Василий легко поднялся, спрятал в ножны финку, стряхнул с руки кровь, все-таки поранился о жабры, отерся от щучьей слизи, сказал:
— Кароший, сапсем кароший сучка. — Глаза его были уже полны не зыбкой надежды, но заслуженного права за столь удачное действие получить вознаграждение.
— Спасибо, Вася! Как ты ее!.. — поблагодарил я, признавая за собой право ничем более не отвечать за столь неожиданную помощь. Осип, который так и не сдвинулся с места, по-прежнему смачно сосал трубку, вдруг сказал презрительно:
— Однако, это не суха, это воса, однако…
— Чего-о-о! — оскорблению, нанесенному мне, казалось, не было границ. — Чего-о-о-о?..
— Воса это, а не суха! — И сплюнул. Плевок совершил траекторию и упал далеко за моим уловом. — Тута сухи настоящей нет, однако. В Егдо добрый суха! Десять метров.
— Что? — Меня это сообщение не столько заинтересовало, сколько рассердило. Осип явно шел ва-банк, желая так примитивно заинтересовать меня и вызвать опять же к «поправке». — Что?
— Суха, говорю, на озере Егдо — десять метров, однако! Такой большой!
— Да знаешь ли ты, что десятиметровых и крокодилов не бывает? А не то что щук!..
— А на Егдо есть, — определенно сказал Осип, и Василий закивал головой:
— Есть, есть…
— Парни, если вам похмелиться надо, то так и скажите! А зачем салазки гнуть…
— Какой шалашки, какой?! — вдруг рассердился Осип. — Давай, однако, давай отшпорим… Зачем так говоришь — покмелиться…
— Обижаешь, Кужмити, — сказал Василий.
Выходило, что я действительно обижал этих добрых парней. Может быть, и не десяти, конечно, не десятиметровые водятся щуки, но, наверное, и впрямь громадные, коли с такой обидой защищает свою правоту Осип. К тому же и Егдо — это незнакомое мне место — как-то на особинку задело, и я предложил мировую:
— Где это Егдо? — спросил.
— Далеко, — уклончиво ответил Осип и отвернулся, выбивая об камни пепел из трубки.

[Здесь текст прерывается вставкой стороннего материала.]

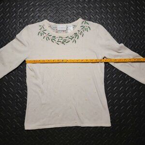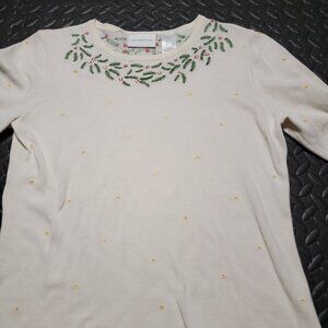 Style & Design: Women's Christmas Sweater by Liz Claiborne. Crewneck. Pullover. Long sleeves. Great holly Christmas / holiday design along the neck line and wrists. Green holly with red accents and silver sequins. There are little gold accents sewed into the body of the sweater. Great for your next holiday / Christmas party or Ugly Sweater Party.
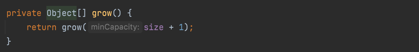 - grow()에서 grow(int minCapacity)를 호출할 때, minCapacity로 size+1을 넣어 호출했다.
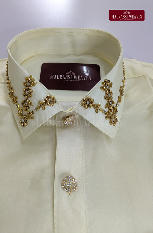 Wedding Zari Brocade Shirt and Dhoti Set - Gold
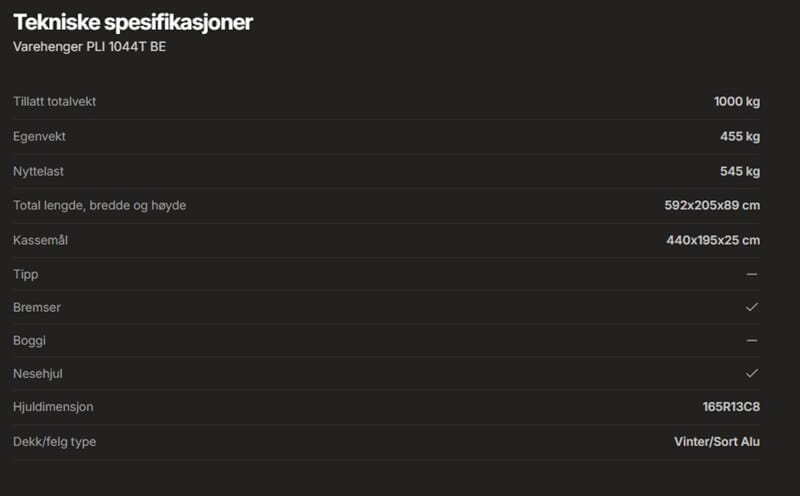 • Varehenger PLI 1044T BE
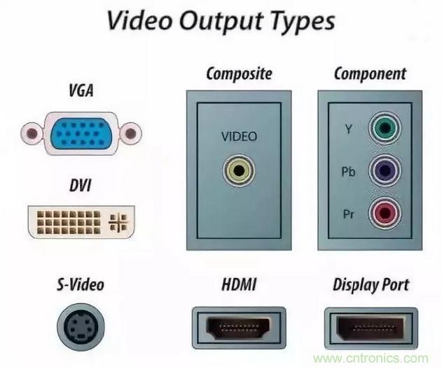 如上圖所示,電視機背面有幾個視頻連接器端子。今天我們來了解一下顯示連接器的種類及其特點。
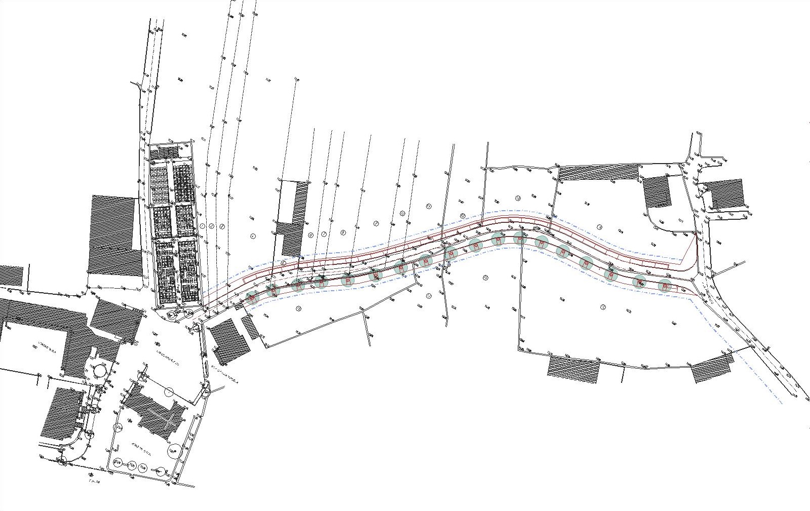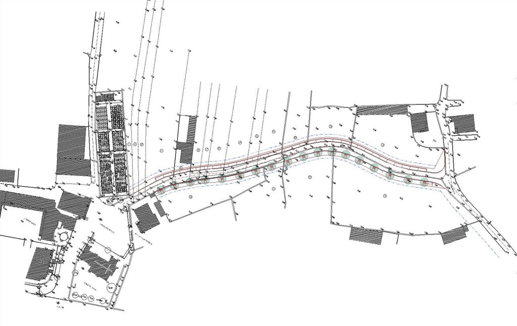 Abertura de um arruamento de caráter secundário baseado no cadastro existente para melhorar a fluidez da estrutura viária e permitir e organizar a ocupação urbana de uma zona carenciada a este nível. Com estacionamento e passeio acessível.
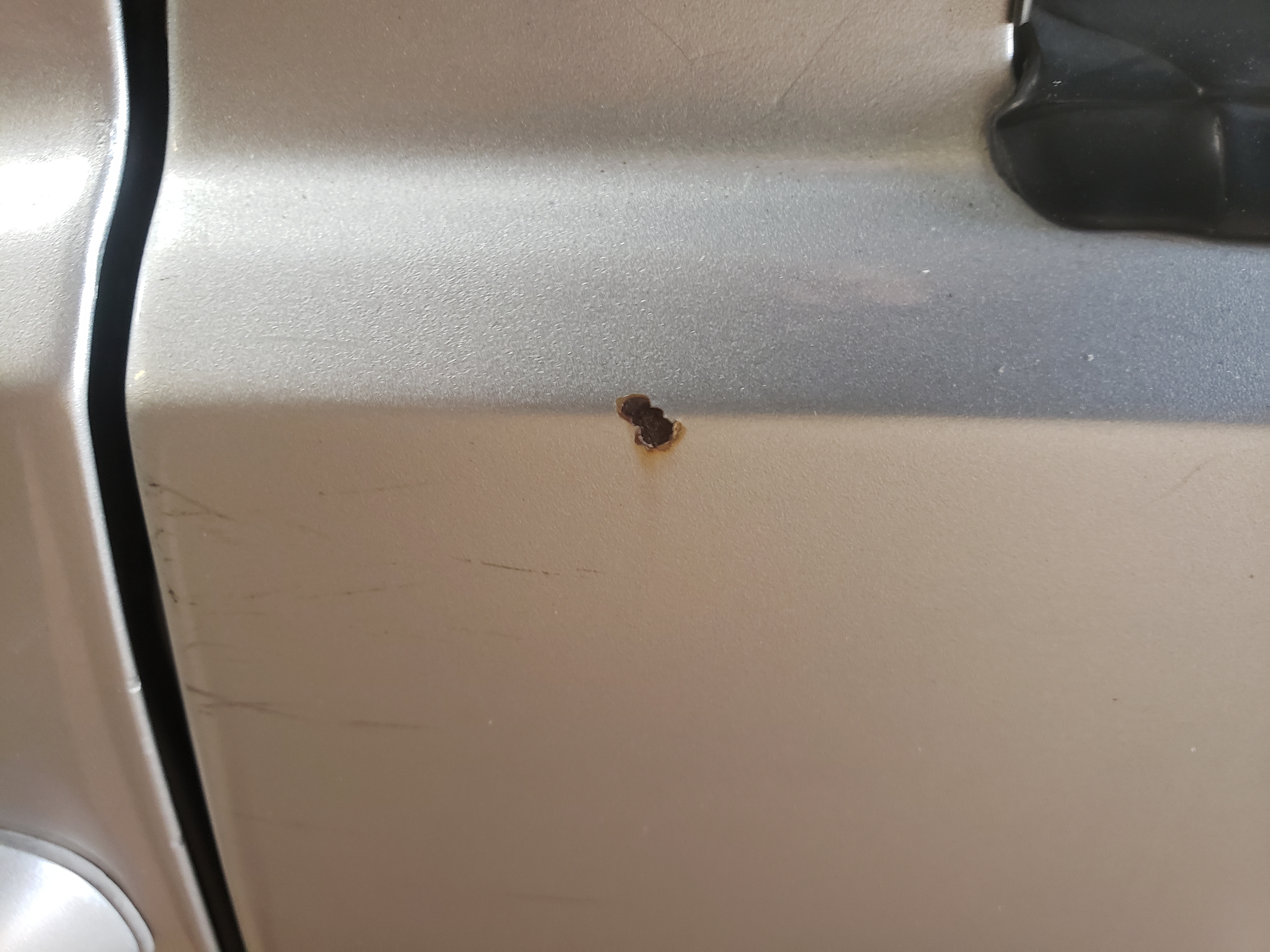 Good point, and I grew up in NY so I know of what you speak. But my previous car, Tito, got a couple of rust spots on the roof that I ignored. Who'd a thunk they'd get worse? Well this past winter (and here in Northern California, "winter" means "rain") those rust spots turned to leaks. Right over my girlfriend's seat of course, which led to a very grumpy girlfriend. So at this point at least I'm trying really really hard to be rust free.You have to be a Californian to call that ding, “ rust”
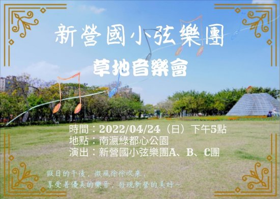 演出: 新營國小弦樂團 A 、 B 、 C 團 誠摯邀請您 一起到綠都心走走,度過悠閒美好的音樂時光~
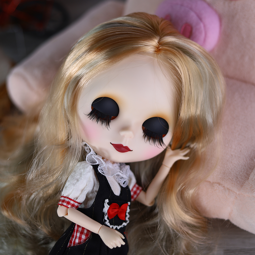 Looking for your own wide-eyed darling? Here is your top-quality handmade custom Neo Blythe Doll for sale. Evie – Premium Custom Blythe Doll with Cute Face is what you have been looking for, for a long time. Adopt your dream custom handmade Neo Blythe doll now – fully assembled and ready out of the box! All parts are brand new with quality craftsmanship, improved silky soft hair, top quality sturdy body, new Blythe face, 4 eye colors, and additional free items with purchase. Ideal for Blythe doll customizers, collectors and gift purposes. Buy a gift of Blythe now!
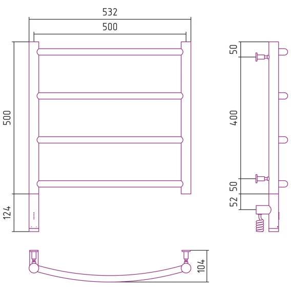 Полотенцесушитель электрический 500x500 белый матовый МЭМ левый Сунержа Галант 3.0 30-5800-5050
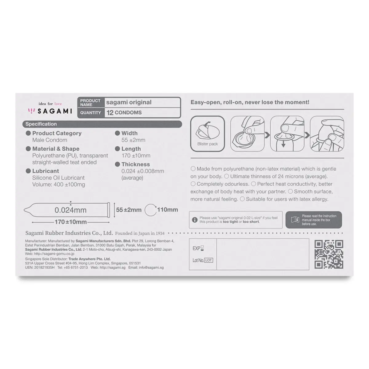 Experience the pinnacle of intimacy with Sagami Original 002 Condoms. Crafted from revolutionary urethane, these ultra-thin condoms redefine sensitivity and pleasure. Unlike traditional latex condoms, Sagami Original 002 offers approximately three times the toughness, providing exceptional reliability without compromising sensation. The unique urethane material effortlessly transmits body heat, enhancing the natural feeling of closeness and creating a more intense and passionate connection with your partner. Made from a new PU material, Sagami Original 002 condoms are hypoallergenic and odorless, making them suitable for individuals with latex sensitivities and ensuring a comfortable experience for both partners. The water-based lubricant provides optimal slippage, maximizing comfort and pleasure. Sagami Original 002 is meticulously engineered to deliver an unparalleled level of intimacy, allowing you to fully immerse yourself in the moment without any distractions. With a max width (semi circumference) of 56.5mm, max diameter of 36mm, and max length of 170mm, these condoms offer a secure and comfortable fit for a wide range of sizes. Choose Sagami Original 002 and discover a new dimension of pleasure and connection.

— Это озеро, — сказал Василий. — Там… — и махнул рукою за синий увал, — далеко.
Я хорошо знал Авлаканский район, немало побродил по междуречью, куда указывал Василий рукою, но озера с таким названием не знал, не знал и вообще о существовании озер на той возвышенности за увалом. Не было их там, не значились они и на карте, которую я изучил, кажется, до каждого миллиметрика. Малыми речушками, ручьями, охотничьими тропками исходил я тайгу вдоль и поперек. Дикое междуречье, ограниченное с севера Авлаканом, а с юга Сагджоем, тогда, да и сейчас еще было мало изучено. На громадной этой территории не было ни сел, ни таежных заимок, и даже редкие зимовья обозначались на карте, поскольку были единственными признаками цивилизации. Кочевые эвенки и те редко посещали междуречье и не задерживались долго в гиблых дебрях. Упоминание об озере, неожиданная обида Осипа и определенность Василия сделали свое дело.
— Ну, коли обижаться, — сказал я, — то давайте тогда до конца: раз есть такое озеро и в нем щуки, ведите, однако, меня на него.
Осип снова набил табаком трубку, не торопясь раскурил ее, не поднимая на меня взгляда, и словно бы задремал на корточках, ко всему равнодушный:
Не дождавшись ответа, я принялся делать для щук вешела — тальниковые рогатульки. Один сучок загоняешь рыбе в жабры, другой цепляешь на палку, которую берешь, как коромысло, на плечи, если улов большой, как сейчас, нести приходится вдвоем. Василий без приглашения пришел на помощь, и скоро мы уже несли улов на длинном шесте, как носят рыбаки невод. Щучьи хвосты болтались, ударяя меня по спине, по ногам, а последняя моя добыча волоклась хвостовым плавником по земле. Мы шли ходко, подгоняемые тяжестью ноши, и так же ходко, но налегке спешил за нами Осип.
Казимировна встретила нас восторженно.
— От добытцик, от музик! — хвалила она меня, принимая улов.
Казимировна — женщина редкой силы, даже по этим местам, где слабая половина человечества вынуждена до сих пор выполнять одинаковую работу, а порою и большую, с половиной сильной, — легко поснимала щук и покидала их в долбленое большое корыто. Потом понимающе поглядела на меня, на Василия и, наконец, на Осипа. Тот, подчеркивая свою непричастность к улову, присел на приступке крыльца и пускал с безразличием дым уголком рта.
— Только одну, — сказала моя хозяйка. — Пойди нащипли луку. — И ушла в избу.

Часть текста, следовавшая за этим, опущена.